Ripped off of several blogs I've read today. What can I say? enjoy a good trend.

Your Linguistic Profile:

60% General American English
25% Yankee
10% Upper Midwestern
5% Dixie
0% Midwestern

February 5, 2005

a little naughty

For all you Bush Unfans out there:

I came across the George Bush Monkey Face Generator. Be careful not to use too complicated vocabulary words when you type in what kind of face you want to see. I thought it was pretty hilarious.

January 20, 2005

Big Events come mid-July

Harry Potter and the Half-Blood Prince, book 6 is scheduled to be released on July 16.

Elvis is due somewhere between July 10 and July 17. He might get an earlier introduction to Harry Potter than I intended. :-)

September 29, 2004

Ear training

It was, well, a lot simpler back then (say.... c. 900):

Interval
1. semitone—two tones separated by the smallest distance, so that the space between them is scarcely perceived.
2. whole tone—a more perceptible interval
3. semiditone (minor third)—a little larger
4. ditone (major third)—extends farther than this
5. diatessaron (perfect fourth)—even greater
6. tritone—still ampler
7. diapente (perfect fifth)—supasses these by due amount
8. semitone-plus-diapente (minor sixth)—
9. whole-tone-plus-diapente (major sixth)—extending over the widest space of all, has the last place among these intervals, for you will never find one larger than it or smaller than the first.

September 25, 2004

context = meaning

Every once in awhile, somebody throws a quote at you that is just hilarious, but you know that it must be taken out of context. Nevertheless, still worth a big chuckle.
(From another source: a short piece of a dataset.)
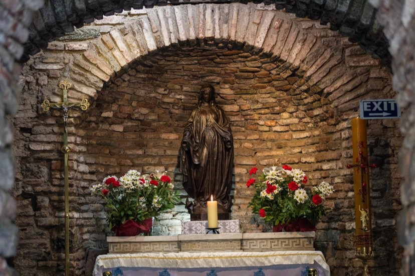 The House of Mary (Meryemana Evi) is located on the Nightingale Mountain (Bülbül Dağ) above the ancient city of Ephesus. The site was excavated at the end of the nineteenth century and became a local pilgrimage site. It is recognized as an important Christian holy place, as confirmed by the visits of several popes (Paul VI, John Paul II, and Benedict XVI) and by the presence of Catholic friars and nuns. As the figure of Mary is an important figure in Islam, many Muslims also visit this site to honor her. The space has multiple shared uses by Orthodox, Catholic, and Protestant Christians and Muslims: Christians use the altar to pray, while Muslims pray towards Mecca; Christians, Muslims and visitors of other religions light candles and place them in stands outside the House; and the center’s shop, where people can buy objects related to Mary, is owned by a Muslim vendor.[6]

"I think there is some methodolgy in my travels." George W. Bush

August 5, 2004

where should I live?

Thanks to Mrs. Crumley, you can take a scientific quiz, which will help you determine the top 24 places where you should live.

My results:
1) Little Rock, Arkansas (whether or not you'd be willing to live in Arkansas was not a question. If it were my answer would be no)
2) Portland, OR -- cool
3) Providence, RI -- also cool
4) Baltimore, MD -- What do you know? I was born there!
5) Baton Rouge, LA -- not so.
6) New Orleans, LA -- hmm. Guess I shouldn't be playing this quiz.....

Two other cities in LA were listed: Shreveport and Natchitoches. However the latter is most definitely NOT a city, and I wouldn't want to LIVE there, though a nice place to visit. The majority of places listed were on the west coast or in New England. Am I predictable or what?

April 28, 2004

book list

I was going to ignore this because it's humiliating and arbitrary. But I thought Erica would get a kick out of it, too. I found it here. So here goes:

The rules: highlight (or bold) everything in the list that you have read.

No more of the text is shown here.